Но чудо приходит не ко всем. Или, может быть, ни к кому не приходит. Наступает момент, когда человек убеждается, что чуда не будет. Тогда, собственно говоря, жизнь прекращается, и остаётся лишь физическое существование, лишённое духовного содержания и смысла. Конечно, у разных людей этот момент наступает в неодинаковые сроки: у одних в тридцать лет, у других в пятьдесят, у иных ещё позже. Каждый стареет по-своему, в своём собственном темпе. Счастливее всех те, кто до самого конца продолжает ждать чуда.

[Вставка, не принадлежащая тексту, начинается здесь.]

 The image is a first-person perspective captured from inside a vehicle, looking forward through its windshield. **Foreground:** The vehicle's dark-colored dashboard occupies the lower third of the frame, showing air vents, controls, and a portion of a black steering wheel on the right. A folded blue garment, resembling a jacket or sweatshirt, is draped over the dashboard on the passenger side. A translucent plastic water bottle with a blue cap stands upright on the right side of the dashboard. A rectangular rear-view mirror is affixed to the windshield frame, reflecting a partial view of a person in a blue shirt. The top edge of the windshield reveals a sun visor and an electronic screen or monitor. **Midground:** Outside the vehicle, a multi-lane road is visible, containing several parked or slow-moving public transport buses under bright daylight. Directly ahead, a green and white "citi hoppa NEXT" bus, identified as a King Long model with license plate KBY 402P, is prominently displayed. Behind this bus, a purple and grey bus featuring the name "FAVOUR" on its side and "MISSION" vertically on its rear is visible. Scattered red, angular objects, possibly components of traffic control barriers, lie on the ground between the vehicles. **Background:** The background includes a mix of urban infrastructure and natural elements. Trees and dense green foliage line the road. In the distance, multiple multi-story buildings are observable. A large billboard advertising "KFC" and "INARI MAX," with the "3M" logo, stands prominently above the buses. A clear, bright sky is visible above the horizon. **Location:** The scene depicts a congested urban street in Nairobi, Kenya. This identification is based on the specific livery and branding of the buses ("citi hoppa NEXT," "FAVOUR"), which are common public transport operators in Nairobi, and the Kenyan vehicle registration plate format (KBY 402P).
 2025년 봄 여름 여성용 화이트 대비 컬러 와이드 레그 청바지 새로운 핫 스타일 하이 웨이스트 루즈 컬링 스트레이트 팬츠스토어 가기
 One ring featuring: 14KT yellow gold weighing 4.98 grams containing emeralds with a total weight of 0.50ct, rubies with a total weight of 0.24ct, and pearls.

Не слишком высоко ценя Льва Толстого как писателя, Хармс чрезвычайно восхищался им как человеком, потому что Толстой ждал чуда до глубокой старости и в 82 года “выпрыгнул в окно”, чтобы начать новую жизнь, стать странником и, может быть, убежать от смерти [369] .
369
Петров В. Даниил Хармс. С. 242.
Но пока что с Хармсом происходили лишь мелкие чудеса.
Например, однажды его вызвали в НКВД – но, против ожиданий, все закончилось благополучно.

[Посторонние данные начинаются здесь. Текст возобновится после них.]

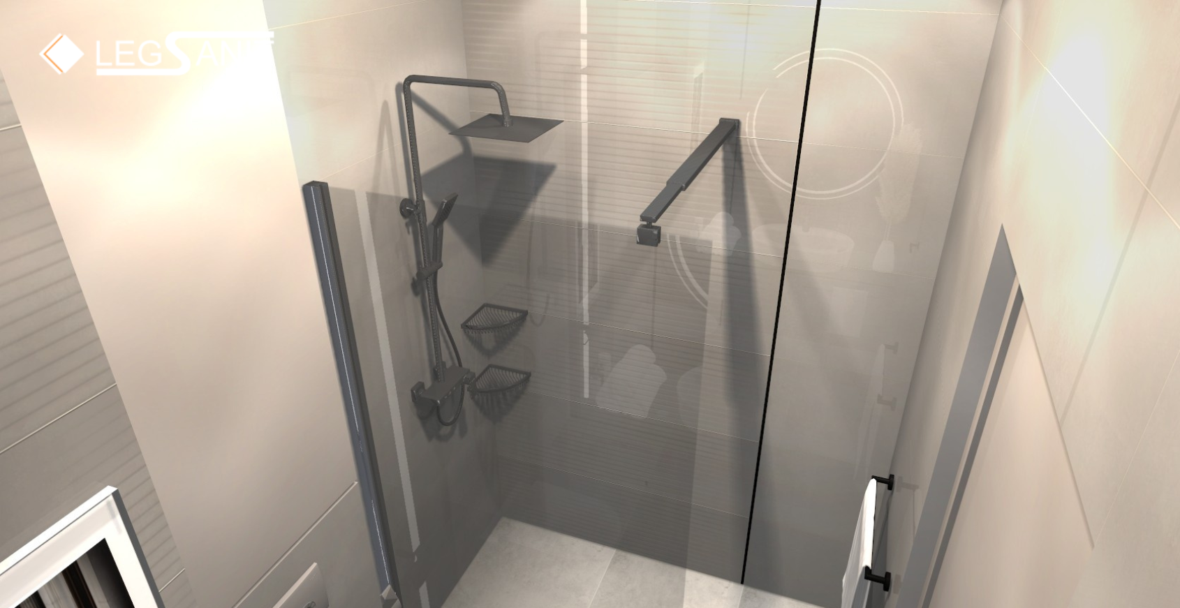 W części natryskowej stanęła ścianka Deante Kerria Plus 110 cm z chromowymi profilami. Na wybór tego modelu wpłynęło kilka kluczowych elementów:
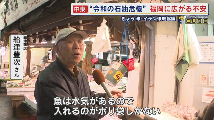 鮮魚店『船津商店』の船津豊次さんは「魚店は袋代を請求しない。魚は水気があるので入れるのがビニール袋しかない。サービスだからなかなか厳しいですよ」と話す。
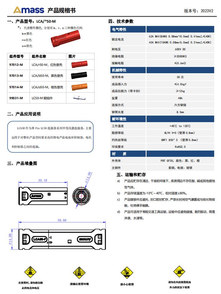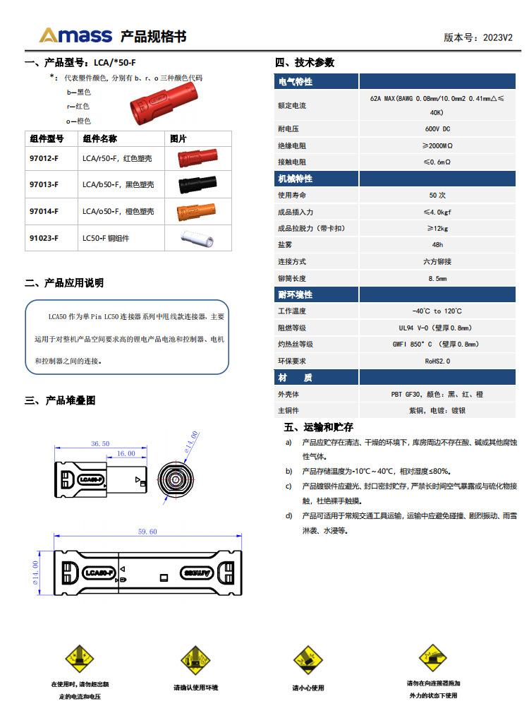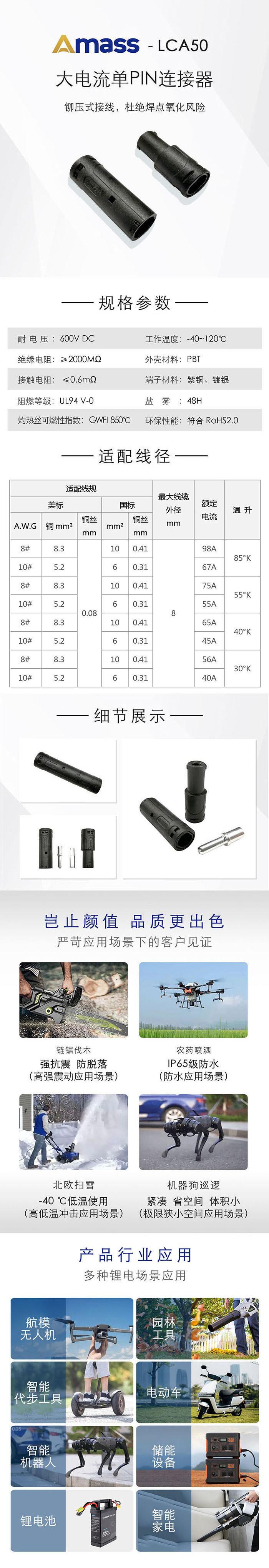 Nuevo conector de CC Amass Ames LCA50D-M/F con remaches de un solo PIN para alta corriente
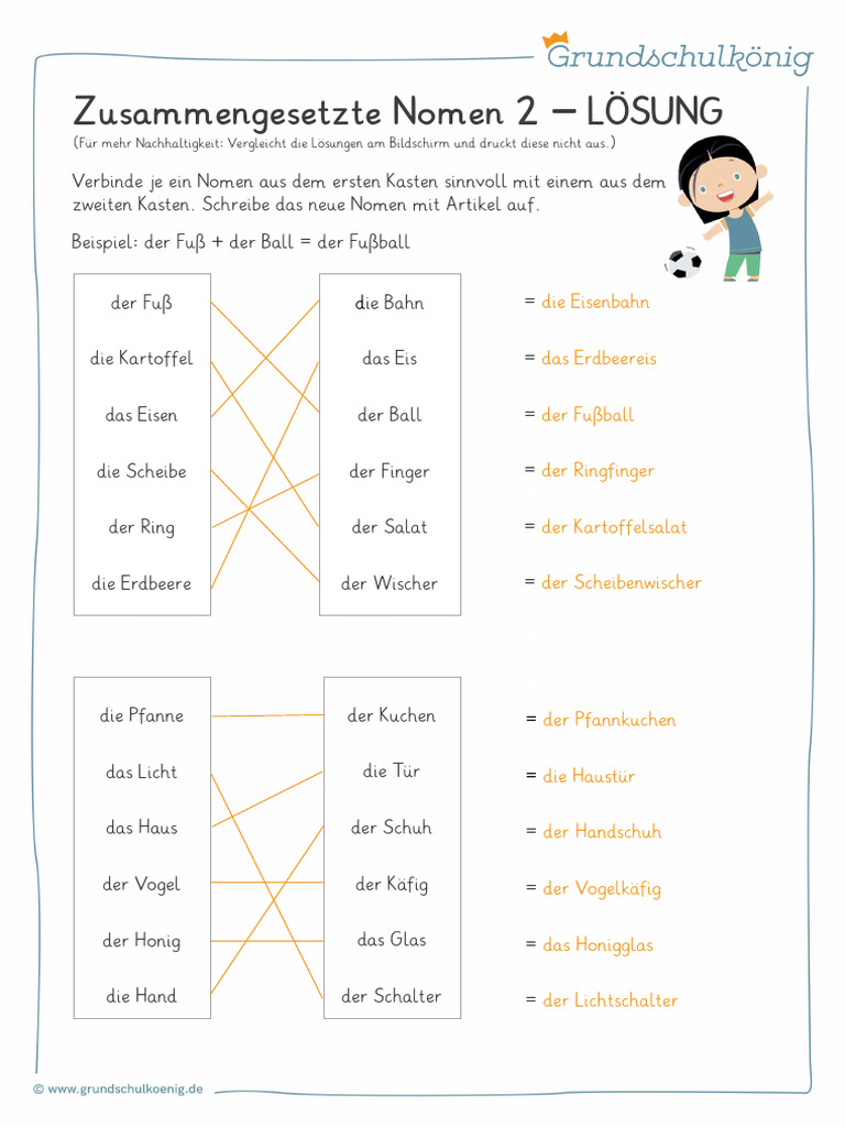 Verbinde je ein Nomen aus dem ersten Kasten sinnvoll mit einem aus dem

Не помню уже, повестка была или приехали за ним оттуда. Он страшно испугался. Думал, что его арестуют, возьмут.
Но скоро он вернулся и рассказал, что там его спрашивали, как он делает фокусы с шариками.
Он говорил, что от страха не мог показывать, руки дрожали… [370]
Это был эпизод вполне в духе хармсовских рассказов. Можно сказать, что Даниилу Ивановичу повезло. Другой раз, понимал он, может не повезти. В тот же день Хармс, по воспоминаниям Бойко, появился в доме сестер Сно с черной повязкой на голове; хозяйкам он объяснил, что “защищается от черных мыслей”, и рассказал о своем визите на Шпалерную. Повязка была заимствована у Башилова, и, очевидно, Даниил Иванович, отправляясь “туда”, надел ее, чтобы в случае чего симулировать безумие.
370
Глоцер В. Марина Дурново: Мой муж Даниил Хармс. С. 77.
Свидетельство об освобождении от воинской обязанности, выданное Даниилу Хармсу 19 октября 1939 г. Сохранилось в составе следственного дела Д. Хармса 1941 г.
Эти уловки понадобились ему при общении с военным ведомством, всерьез (в связи с началом советско-финской войны) заявившим на него права. Согласно устному свидетельству Пантелеева, зафиксированному М. Мейлахом, Хармс явился в военкомат с опозданием на несколько дней и объяснил, что все время держал повестку вверх ногами и думал, что должен прийти не 26, а 95 числа. После этого его, конечно, признали негодным к службе из-за психической болезни. Малич описывает симуляцию еще красочнее (она относит этот эпизод к началу Великой Отечественной войны, но это явная ошибка):
Даню вызвали в военкомат, и он должен был пройти медицинскую комиссию.
Мы пошли вдвоем.
Женщина-врач осматривала его весьма тщательно, сверху донизу. Даня говорил с ней очень почтительно, чрезвычайно серьезно.
Она смотрела его и приговаривала:
– Вот – молодой человек еще, защитник родины, будете хорошим бойцом…
Он кивал:
– Да, да, конечно, совершенно верно.
Но что-то в его поведении ее все же насторожило, и она послала его в психиатрическую больницу на обследование. В такой легкий сумасшедший дом.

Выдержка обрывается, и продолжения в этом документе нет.